WHAT IS EXPECTED: In the listing that follows, give every line again exactly and omit the pictures.

AVAILABLE DATA:
────────────────

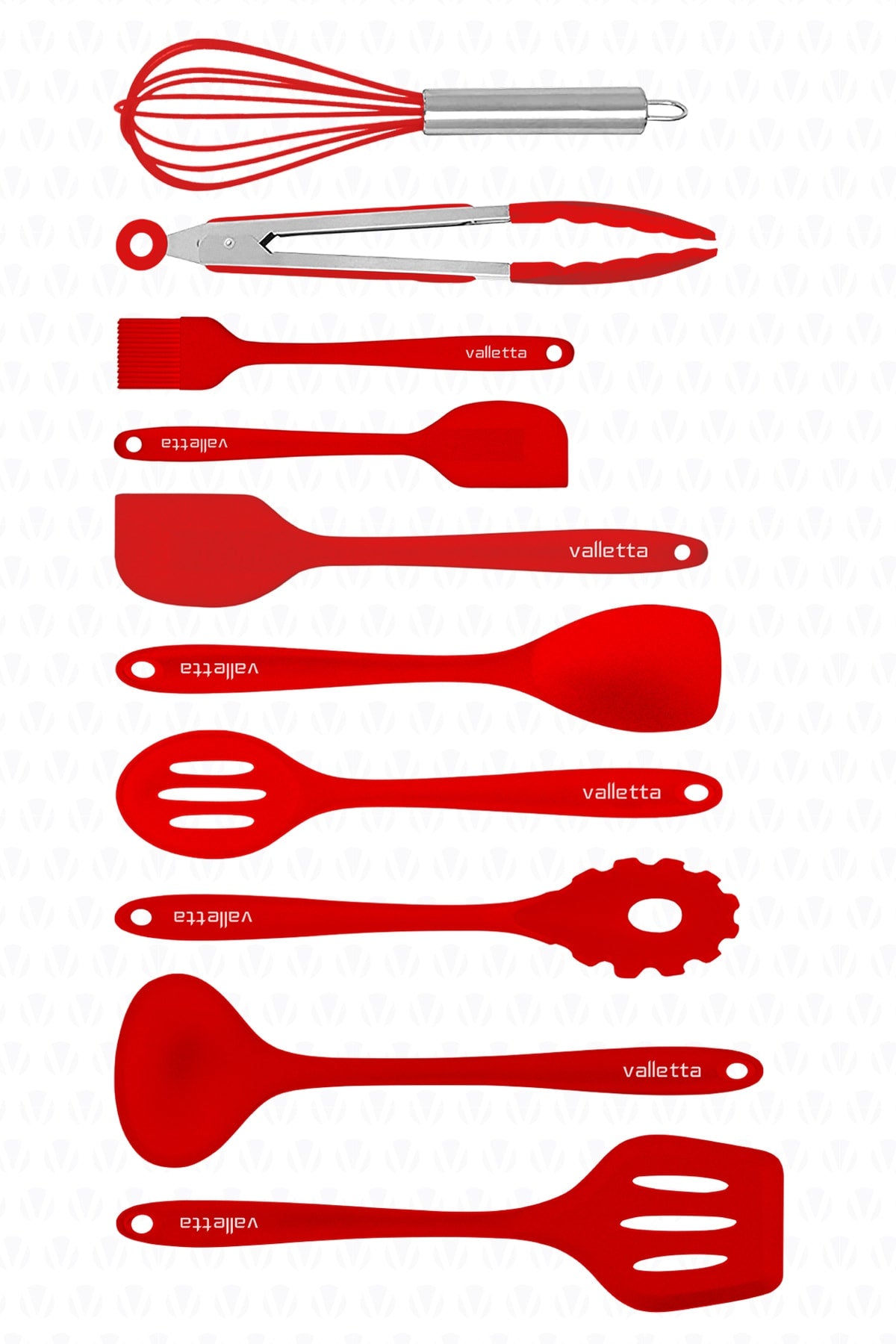 Salvatore Heat Resistant Fireproof Non-Stick Silicone Spatula Set 10 Pieces Red
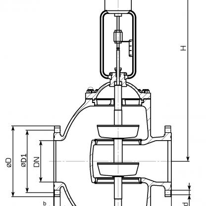 Клапан регулирующий с МИМ МЗ 65233 25с40нж (НО), 25с42нж (НЗ), 25нж40бк (НО), 25нж42бк (НЗ) DN 50 - 300 PN 40
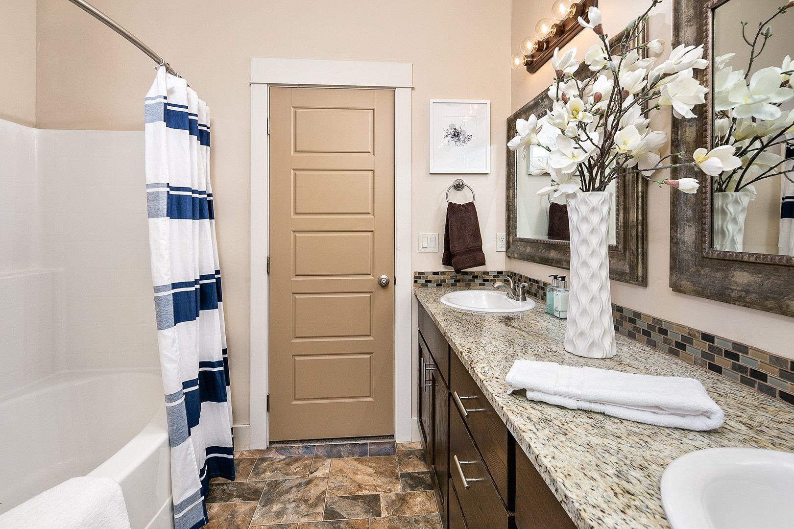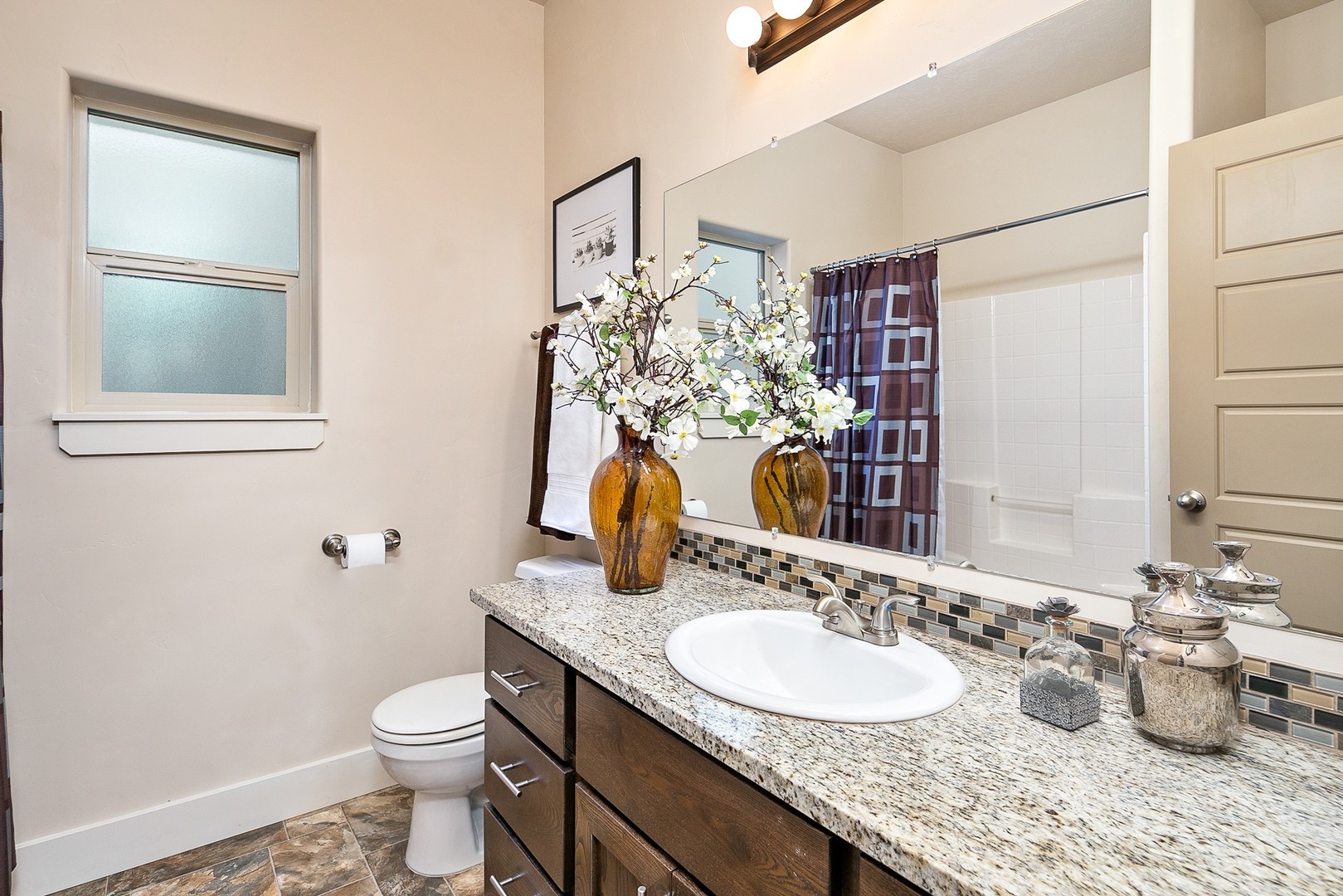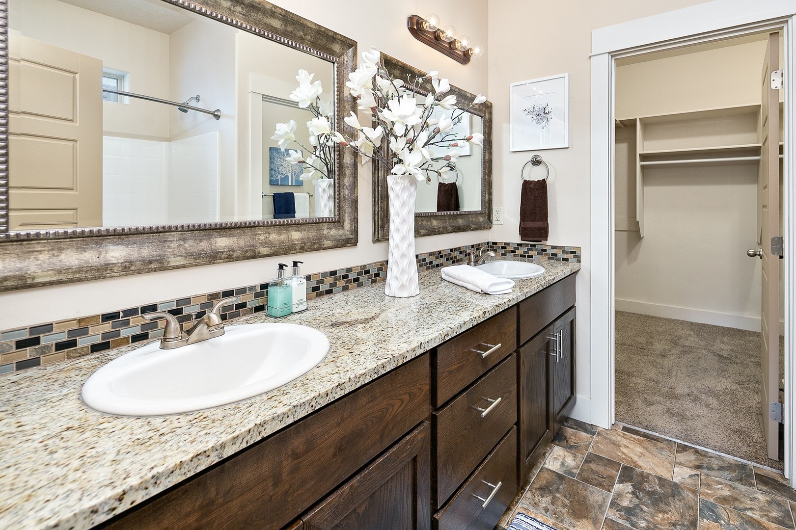 The split-bedroom layout provides privacy and flexibility, with the primary suite tucked away at the rear of the home. The en-suite bathroom includes a granite dual vanity, walk-in shower, separate soaker tub, and a generous walk-in closet.
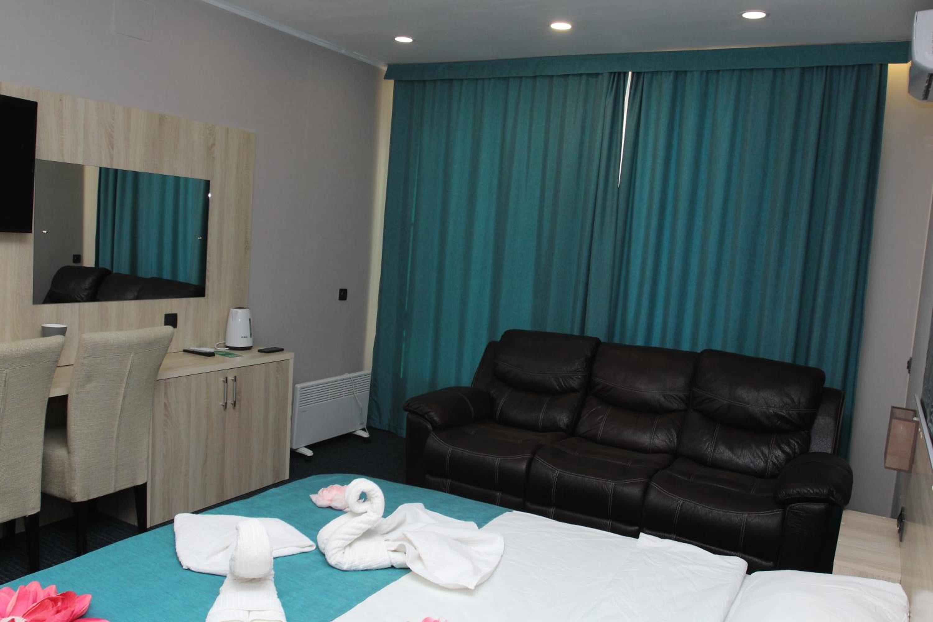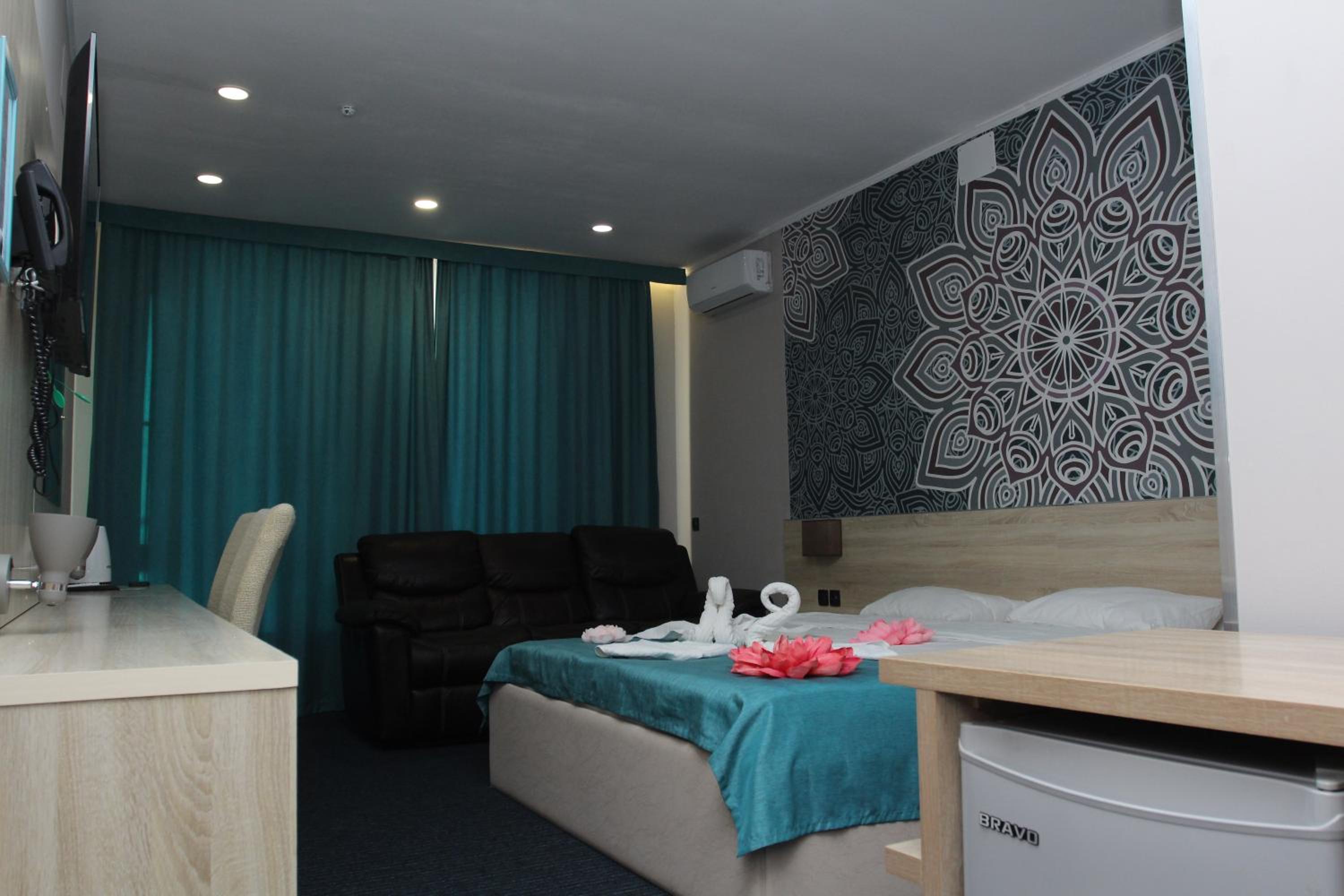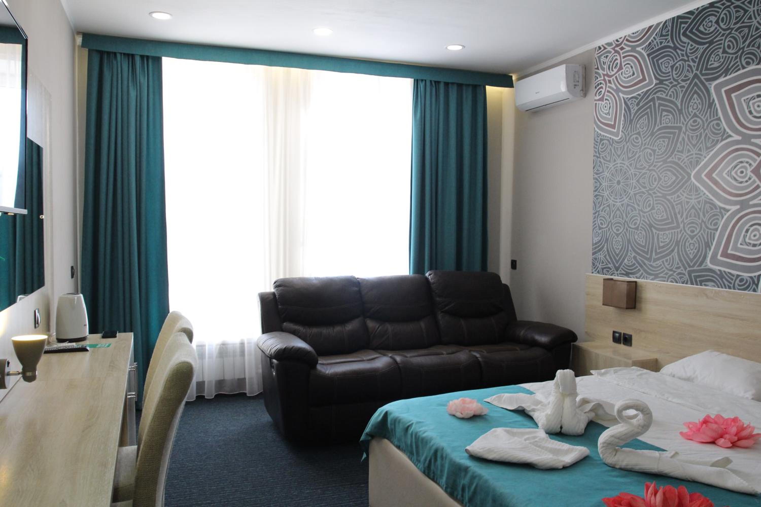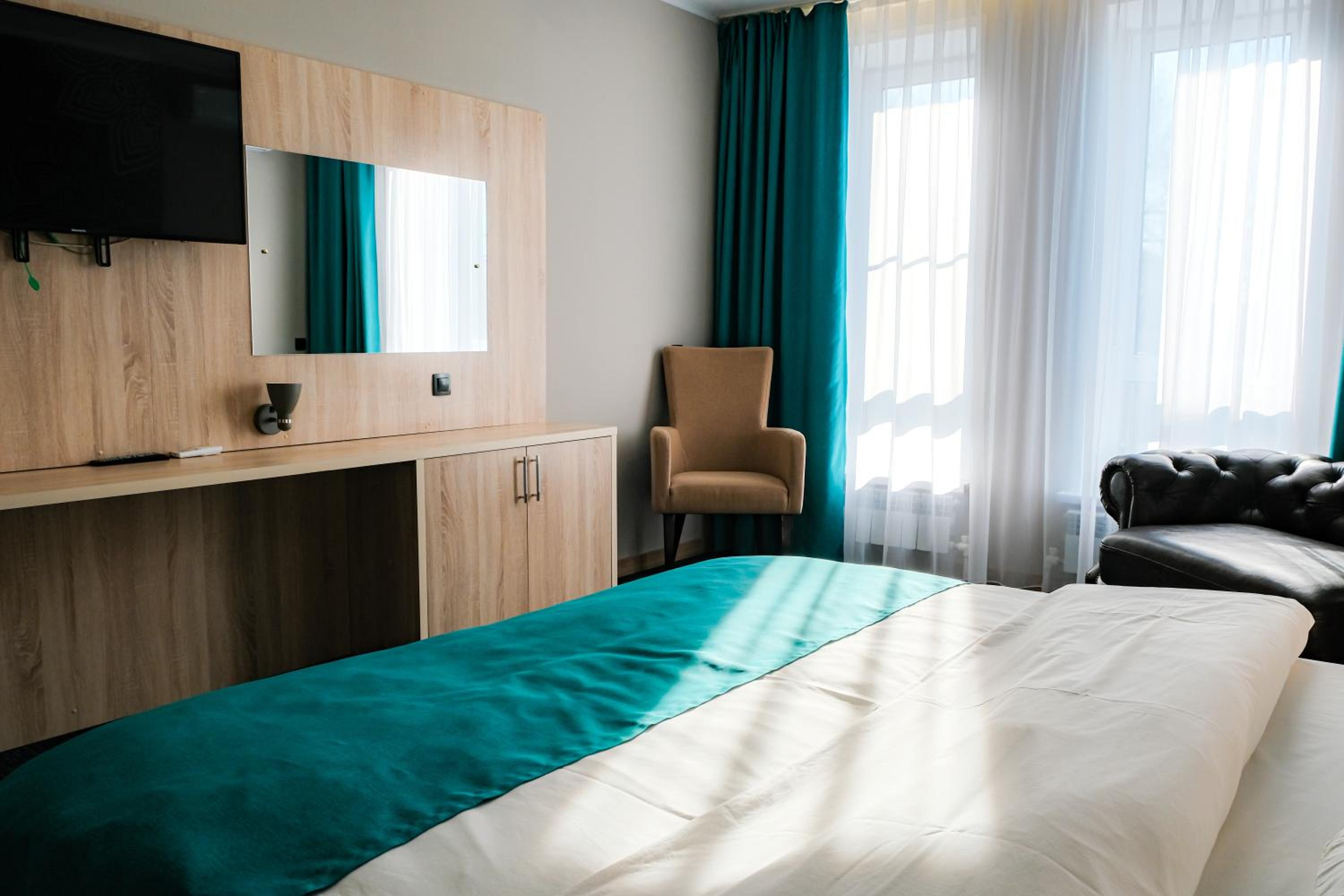 Each room at Altyn Shatyr Hotel is thoughtfully designed with a wardrobe, flat-screen TV, private bathroom, and cozy bed linens and towels. Some rooms even boast stunning city views, adding an extra touch of elegance to your experience.

────────────────

OUTPUT FOR THIS TASK:
 Salvatore Heat Resistant Fireproof Non-Stick Silicone Spatula Set 10 Pieces Red
 Клапан регулирующий с МИМ МЗ 65233 25с40нж (НО), 25с42нж (НЗ), 25нж40бк (НО), 25нж42бк (НЗ) DN 50 - 300 PN 40
 The split-bedroom layout provides privacy and flexibility, with the primary suite tucked away at the rear of the home. The en-suite bathroom includes a granite dual vanity, walk-in shower, separate soaker tub, and a generous walk-in closet.
 Each room at Altyn Shatyr Hotel is thoughtfully designed with a wardrobe, flat-screen TV, private bathroom, and cozy bed linens and towels. Some rooms even boast stunning city views, adding an extra touch of elegance to your experience.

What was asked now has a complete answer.